Charged with assaulting a police officer and dealing cocaine, Simmons was convicted of the second offense and, on Sept. 21, 2007, sentenced to a year in prison. By then, he’d served more than six months in King County Jail.
Schrimpsher was fired two months later after then-King County Sheriff Sue Rahr found he and his partner lied about another University District drug arrest. At the time, a Sheriff’s Office spokesman – John Urquhart, who has since been elected sheriff – remarked that “if you lie, cheat or steal, you’re gonna get fired.
Speaking by phone Thursday, Schrimpsher denied any wrongdoing in that arrest or any other. He said he was fired for violating the King County Sheriff’s Office dishonesty policy when asked about an internal investigation.
“To be honest with you, I’m better off,” Schrimpsher said from his Algona office.  “I’ve moved on. I’m in a happier place.”

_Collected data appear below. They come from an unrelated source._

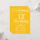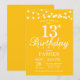 13th Birthday Invitation with String Lights. Yellow Background. Kids Birthday. Boy or Girl Lady Bday Invite. 13th 15th 16th 18th 20th 21st 30th 40th 50th 60th 70th 80th 90th 100th, Any age. For further customisation, please click the "Customise it" button and use our design tool to modify this template.
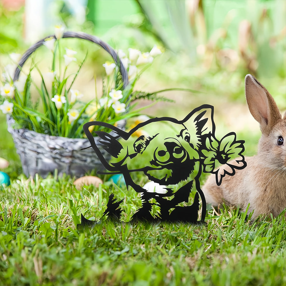 Hochwertige Metallkunst mit Tiersilhouette, die Ihrem Garten ganz einfach eine fröhliche Atmosphäre verleiht.
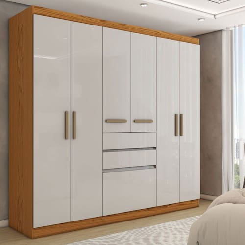 O(a) Guarda-Roupa Solteiro Naturalle 6 Portas 3 Gavetas Freijó/Off White Laca - Loja é produzido em MDP na escala de brilho Brilho e Fosco, e possui um grau de dificuldade de montagem: Médio.
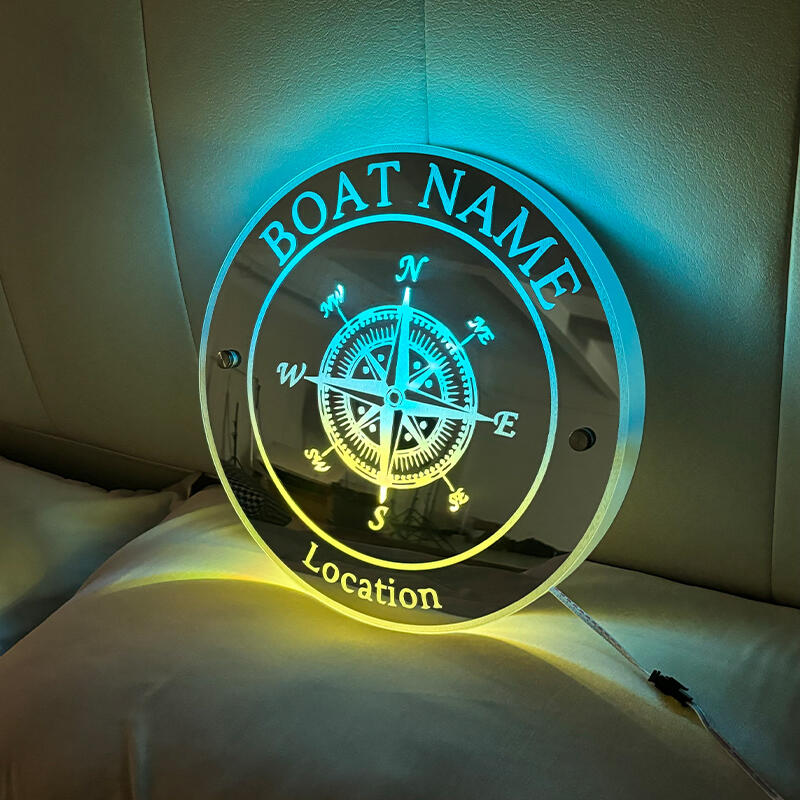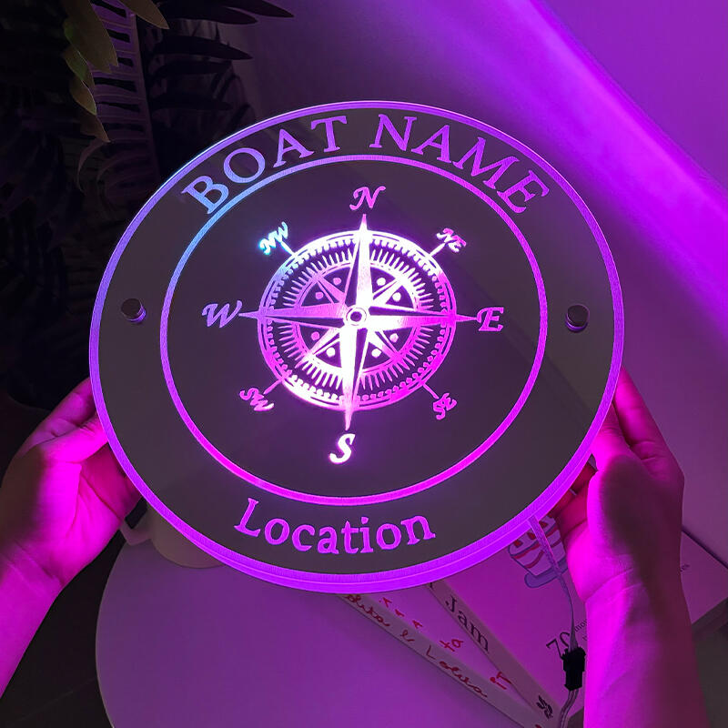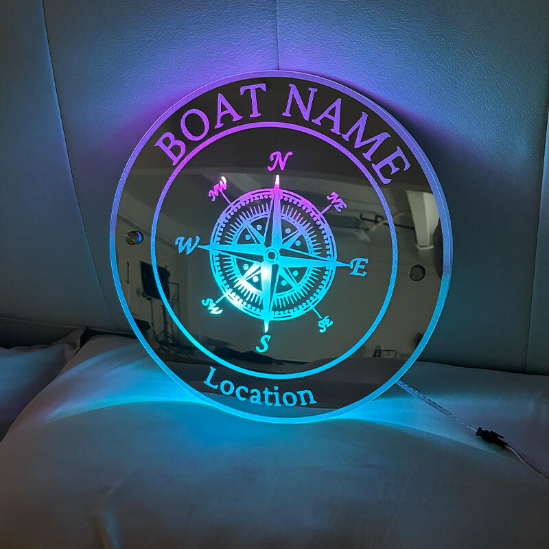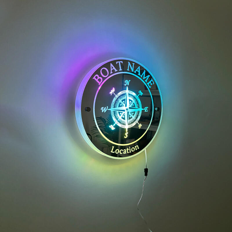 カスタムイズ コンパス 名入れ メッセージ入れ ミラー 発光 ライト 壁掛け 屋内装飾 リモコン付き 壁フック付き

Having served his time and probation, Simmons sued in December 2009, asking that his conviction be overturned, in part because his attorney wasn’t told of Schrimpsher’s history of dishonesty. Through the appeal, attorney Christopher Morales faulted the prosecution for failing to tell Simmons’ public defender the deputy was under investigation for lying.

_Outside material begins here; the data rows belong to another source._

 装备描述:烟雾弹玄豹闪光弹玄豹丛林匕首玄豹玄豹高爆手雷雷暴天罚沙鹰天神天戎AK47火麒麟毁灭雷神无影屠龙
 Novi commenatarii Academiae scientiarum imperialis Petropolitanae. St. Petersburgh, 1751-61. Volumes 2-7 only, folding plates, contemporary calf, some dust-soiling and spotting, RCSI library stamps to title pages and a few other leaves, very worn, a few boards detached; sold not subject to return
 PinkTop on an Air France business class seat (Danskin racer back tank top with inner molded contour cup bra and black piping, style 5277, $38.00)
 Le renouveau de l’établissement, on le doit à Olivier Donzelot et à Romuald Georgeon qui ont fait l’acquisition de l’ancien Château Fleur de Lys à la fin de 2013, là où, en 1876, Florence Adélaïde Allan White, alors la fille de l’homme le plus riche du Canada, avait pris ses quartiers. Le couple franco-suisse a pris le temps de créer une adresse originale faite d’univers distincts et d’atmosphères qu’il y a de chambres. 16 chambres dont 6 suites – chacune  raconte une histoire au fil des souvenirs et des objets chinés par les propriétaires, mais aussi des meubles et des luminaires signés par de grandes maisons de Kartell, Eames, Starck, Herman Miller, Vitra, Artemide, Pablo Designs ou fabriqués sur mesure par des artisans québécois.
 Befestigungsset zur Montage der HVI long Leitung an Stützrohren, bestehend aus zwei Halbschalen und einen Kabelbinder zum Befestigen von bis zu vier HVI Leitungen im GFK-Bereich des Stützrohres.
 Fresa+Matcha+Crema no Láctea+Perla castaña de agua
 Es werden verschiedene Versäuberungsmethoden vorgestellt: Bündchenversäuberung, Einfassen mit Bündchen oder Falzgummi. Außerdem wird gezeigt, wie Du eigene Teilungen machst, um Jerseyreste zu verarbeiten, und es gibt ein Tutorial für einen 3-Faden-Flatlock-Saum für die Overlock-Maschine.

“Without the information from the sheriff’s office, Mr. Simmons was reduced to asserting his word, the word of a criminal defendant, against an officer of the law,” Morales said in the 2009 action. “Had the jury been informed that the King County Sheriff’s Office also had reason to doubt Deputy Schrimpsher’s truthfulness, the case would have gone differently.”
In the most recent lawsuit, Sium said Schrimpsher was working as an evidence supervisor in Phelps County, Mo., in 2003 when it was discovered that evidence was missing in hundreds of investigations there. Schrimpsher said he left the department in 2001. 
Then a detective with the Phelps County Sheriff’s Department, Schrimpsher was alleged to have miraculously recovered evidence – a small baggie of cocaine – the day before a trial after the drugs had gone missing for nearly four years, Sium said in court papers.
Schrimpsher said his name was simply mentioned in an court case filed in Missouri, and that he was not accused of any wrongdoing related to the evidence handling. The detective said he left that department in good standing before going to work for a federal law enforcement agency.
Writing the court in 2009, Simmons said he had been searching for work without success since he was released from prison. Most employers would not consider him, or fired him after learning of his criminal conviction.
The King County Prosecutor’s Office did not admit fault but declined to fight the request for dismissal “in the interest of justice.” Superior Court Judge Greg Canova dismissed the case with prejudice in January 2010.
While the conviction has been vacated, the charges are still publicly accessible and the case has not been sealed. In statements to the court, Simmons said the mere existence of the charges – dismissed or not – has prevented him from obtaining work or stable housing.
“I can no longer utilize my skillset … to support myself any longer, and now find myself being reduced to having to sleep in the shelters and the streets of the city of Seattle,” Simmons said in court papers.

Simmons has asked to be paid in accordance with the new law, which would see him compensated for his time in prison and on probation. The state Attorney General’s Office has not yet responded to the lawsuit, which was filed late last month in King County Superior Court.